EX-99.1 6 dex991.htm PRESS RELEASE DATED 08/18/06 Press release dated 08/18/06

EXHIBIT 99.1

LOGO

 

FOR IMMEDIATE RELEASE   CONTACT: Donald H. Hunter
                        617-878-1600

HARBOR GLOBAL COMPANY LTD. ANNOUNCES SALE OF THE COMPANY

Boston, Massachusetts, August 18, 2006. Harbor Global Company Ltd. (“Harbor Global”) (OTC BB:HRBGF) announced today that it had entered into a definitive agreement and plan of amalgamation for Isvias Trading Limited to acquire Harbor Global, in an all cash transaction at a price of $71 million. After taking into account the portion of the transaction consideration payable to Calypso Management LLC pursuant to a pre-existing management agreement between Harbor Global and Calypso, the per share amount payable for eligible shares is $11.5663. Pursuant to the definitive agreement, Harbor Global would be acquired by means of an amalgamation of Harbor Global with a wholly owned Bermuda subsidiary company of Isvias Trading Limited.

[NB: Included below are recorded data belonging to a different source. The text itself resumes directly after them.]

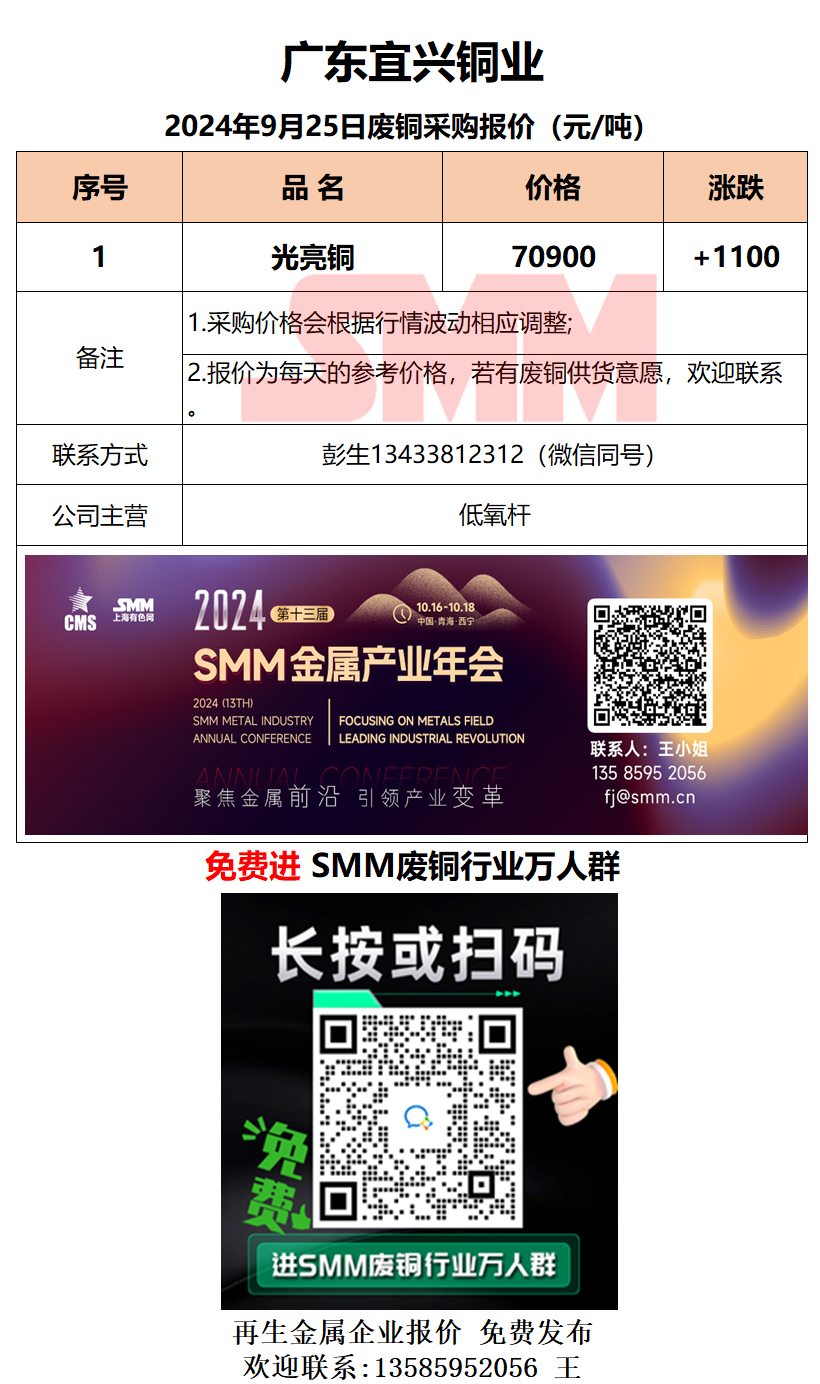 9月25日广东宜兴 废铜采购报价
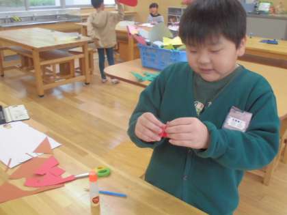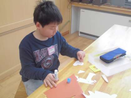 子供たちは、クリスマスオーナメントなど冬に関連した飾りをつくっています。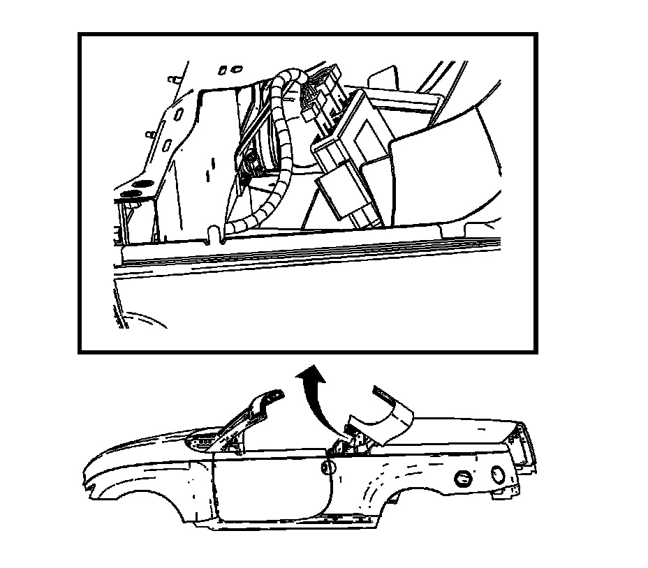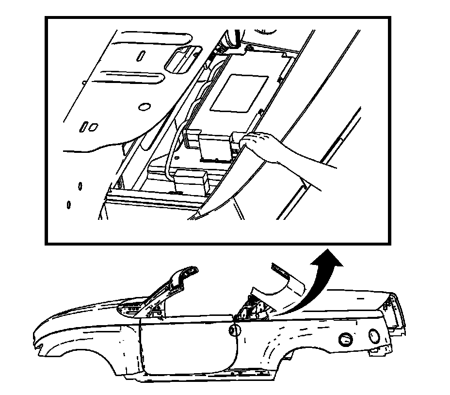 3. Push down firmly on the control module to seat the folding top control module clip into the body rear compartment.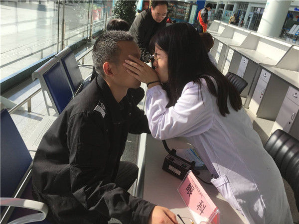 人医眼科中心的医生免费给员工、旅客检查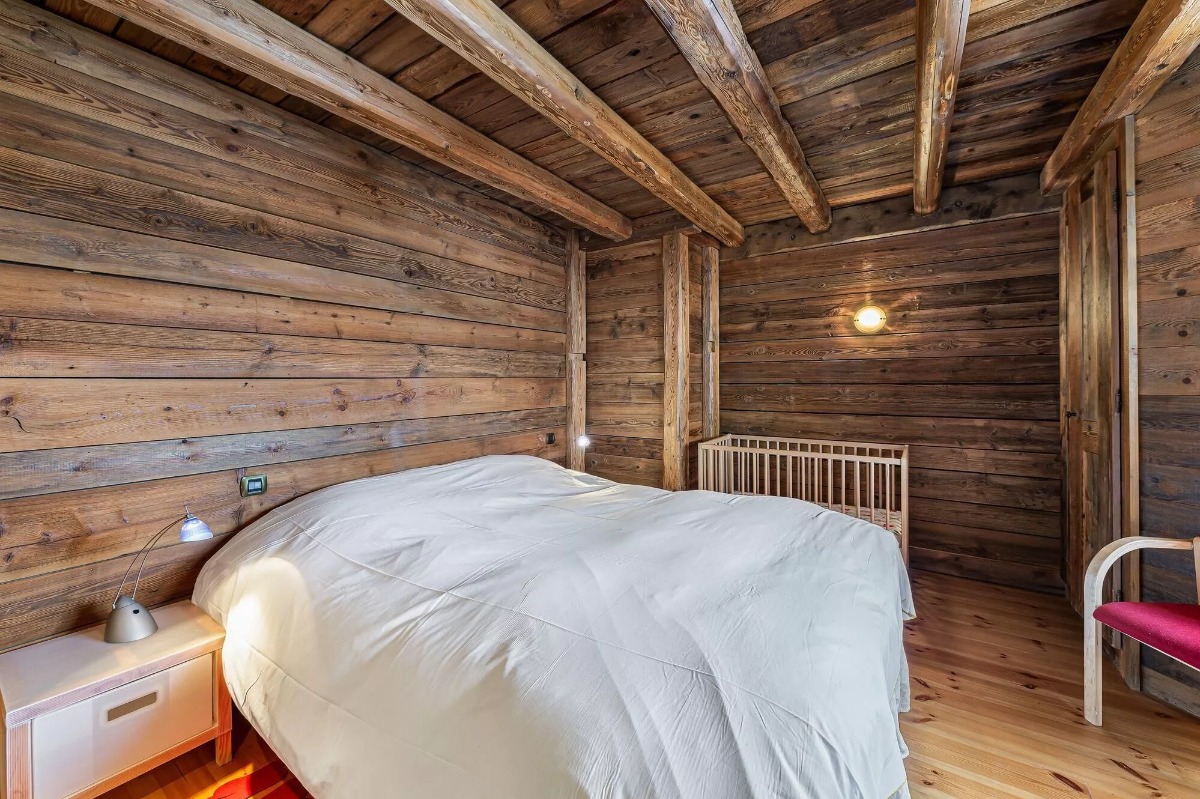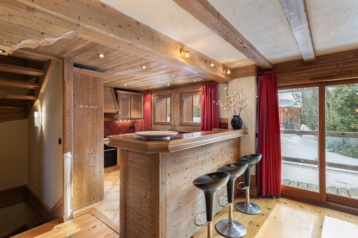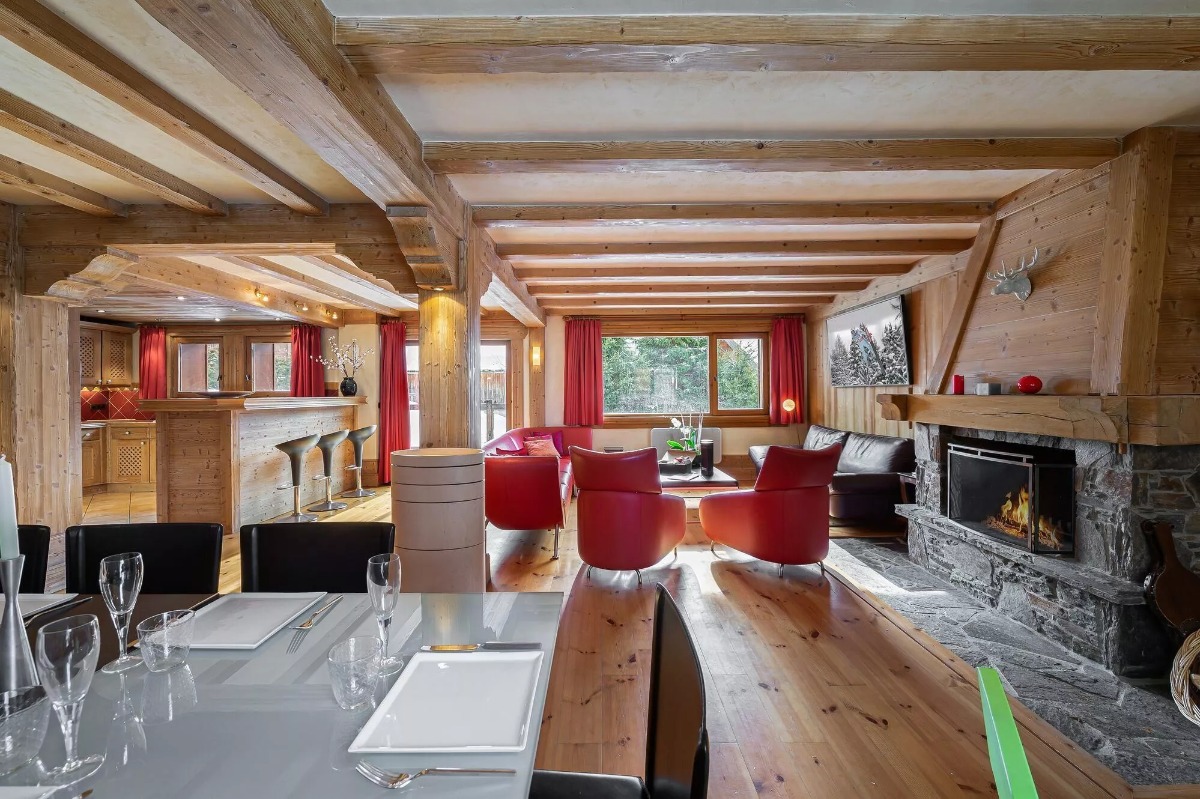 Шале выполнено в типичном савойском стиле с преобладанием дерева, от паркета до открытых потолочных балок. Цветовые акценты, например, в мебели гостиной, спальнях и ванных комнатах, привносят в шале тепло и заряжают энергией. Камин в гостиной создаёт настоящую зону отдыха, идеально подходящую для отдыха с семьёй или друзьями.
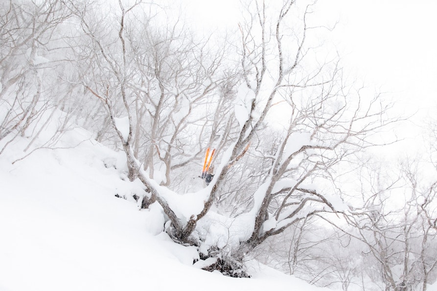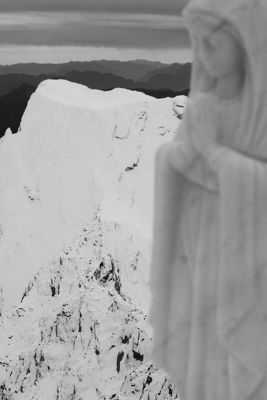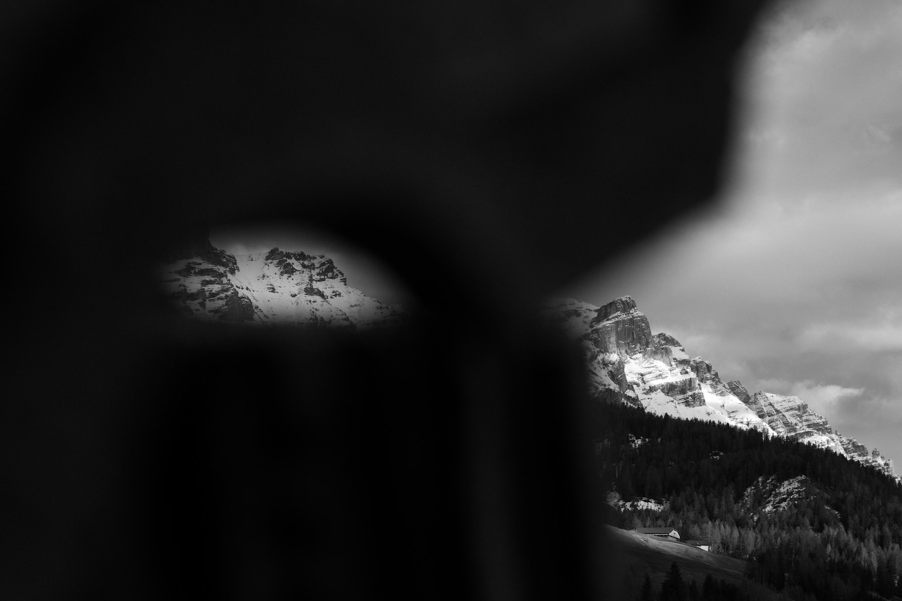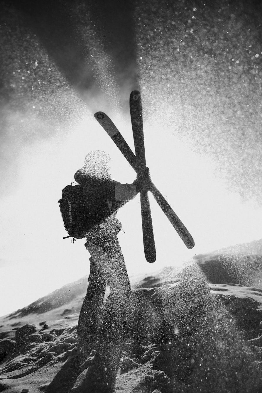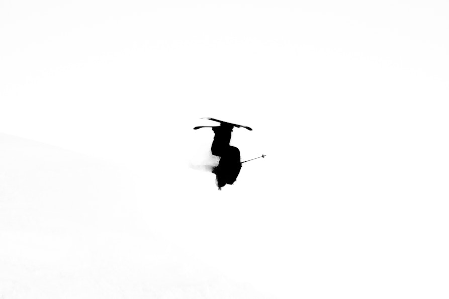 La prima è uno scatto realizzato vicino all'Alpe di Siusi da una vecchia casetta sommersa da oggetti. Ho scattato attraverso un'apertura: quasi tre quarti dell'immagine sono totalmente neri, un buco oscuro da cui emergono le Dolomiti sullo sfondo. È un'immagine di puro focus. All'opposto c'è una foto scattata a Courmayeur: un mio amico che esegue un backflip con gli sci. Lì c'è solo lui, una silhouette nera sospesa nel bianco assoluto del cielo. Rappresentano i miei due poli: la montagna che ci osserva da lontano e l'essere umano che la sfida attraverso lo sport.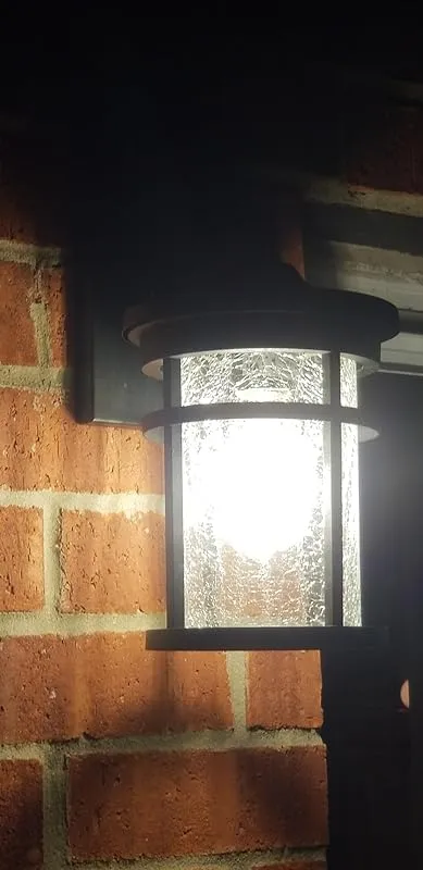 I am extremely satisfied with these outdoor column-top light bulbs with dusk-to-dawn sensors. They function exactly as expected, turning on at dusk and off at dawn, synchronizing perfectly with other fixtures. I was initially worried about the light output being weakened by the seeded glass, but I'm pleased to report that it is more than sufficient. The bulbs emit a pleasing amount of light at night without being overly glaring.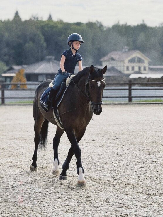 Отличная молодая лошадь с перспективой в любую классическую дисциплину конного спорта.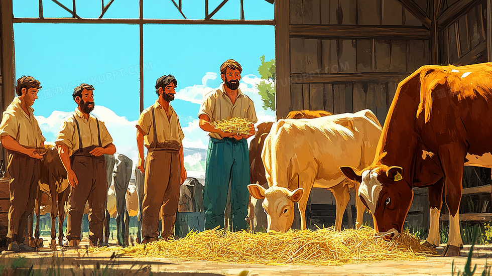 本作品内容为农场牧场农业养殖喂养牛群插画, 格式为 jpg, 大小6 MB, 图片尺寸为2912 x 1632, 源文件无水印, 欢迎使用熊猫办公。 如认为平台内容涉嫌侵权,可通过邮件:tousu@tukuppt.com提出书面通知,我们将及时处理。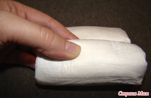 Берем памперс и начинаем скручивать его к середине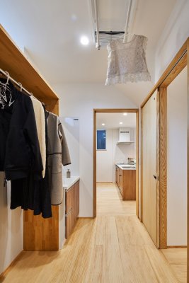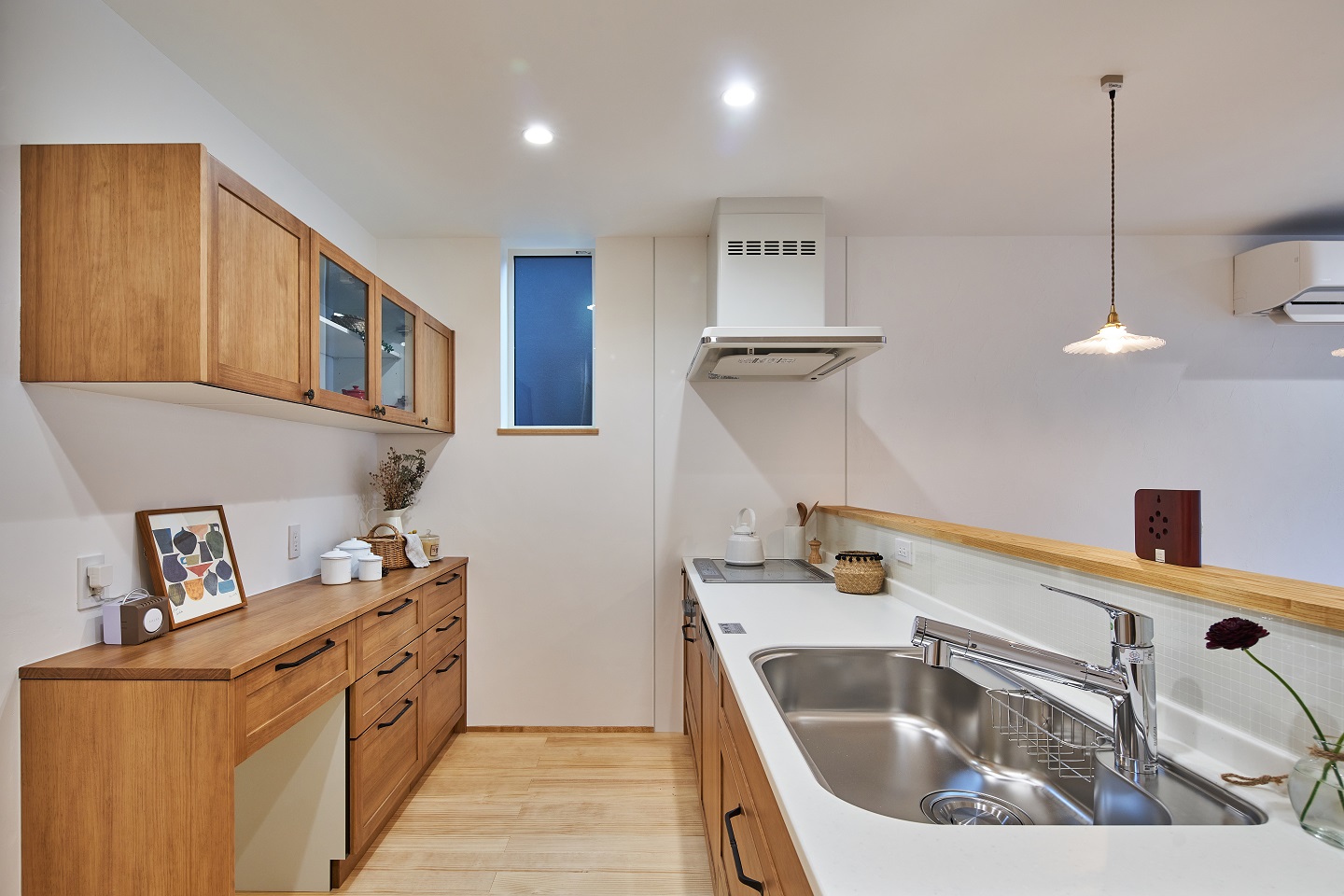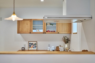 動線だけではなく、オリジナルの木製キッチンも取り入れ、収納も充実、毎日の家事に楽しさが見いだせる住まいです。

Isvias Trading Limited is a company incorporated under the laws of the Republic of Cyprus and is an indirect majority-owned subsidiary of CIT Finance Investment bank, a company incorporated under the laws of the Russian Federation (“CIT”). In connection with the definitive agreement, the Company and CIT entered into a guarantee agreement, pursuant to which CIT is guaranteeing, subject to certain conditions and exceptions, the performance of all obligations of its applicable subsidiaries in connection with the definitive agreement.

Harbor Global will be filing a Current Report on Form 8-K disclosing additional information regarding this proposed transaction.

Additional Information and Where to Find It

In connection with the proposed amalgamation and required Harbor Global shareholder approval, Harbor Global will file with the Securities and Exchange Commission (“SEC”) a proxy statement. The proxy statement will be mailed to the shareholders of Harbor Global. HARBOR GLOBAL’S SHAREHOLDERS ARE URGED TO READ HARBOR GLOBAL’S PROXY STATEMENT AND OTHER RELEVANT MATERIALS WHEN THEY BECOME AVAILABLE BECAUSE THEY WILL CONTAIN IMPORTANT INFORMATION ABOUT


THE AMALGAMATION AND HARBOR GLOBAL. Investors and shareholders may obtain free copies of these documents (when they are available) and other documents filed with the SEC at the SEC’s web site at www.sec.gov. In addition, the documents filed with the SEC by Harbor Global may be obtained free of charge upon written request by an investor to Harbor Global Company Ltd., One Faneuil Hall Marketplace, Boston, Massachusetts 02109, Attention: Donald H. Hunter, Chief Financial Officer and Chief Operating Officer, or by calling Harbor Global at (617) 878-1600.

Participants in Solicitation

Harbor Global and its executive officers and directors and Calypso Management LLC and its members, officers and employees may be deemed to be participants in the solicitation of proxies from Harbor Global’s shareholders with respect to the proposed amalgamation. Investors and shareholders may obtain more detailed information regarding the direct and indirect interests of Harbor Global’s executive officers and directors and Calypso and Calypso’s members, officers and directors by reading the preliminary and definitive proxy statements regarding the amalgamation, which will be filed with the SEC. These documents will be available free of charge once available, at the SEC’s web site at www.sec.gov. In addition, those documents that are filed by Harbor Global with the SEC may be obtained free of charge upon written request by any shareholder of Harbor Global to Harbor Global Company Ltd., One Faneuil Hall Marketplace, Boston, Massachusetts 02109, Attention: Donald H. Hunter, Chief Financial Officer and Chief Operating Officer, or by calling Harbor Global at (617) 878-1600.

 


Statements in this press release regarding the proposed amalgamation and any other statements regarding Harbor Global’s future expectations, beliefs, goals or prospects constitute forward-looking statements made within the meaning of the United States federal securities laws. Any statements that are not statements of historical fact (including statements containing the words “believes,” “plans,” “anticipates,” “expects,” “estimates” and similar expressions) should also be considered forward-looking statements. A number of important factors could cause actual results or events to differ materially from those indicated by such forward-looking statements, including the ability to consummate the amalgamation and the other factors described in Harbor Global’s Annual Report on Form 10-K for the fiscal year ended December 31, 2005 filed with the SEC and Harbor Global’s other filings with the SEC. These reports are available at www.sec.gov. Harbor Global disclaims any intention or obligation to update any forward-looking statements as a result of developments occurring after the date of this press release.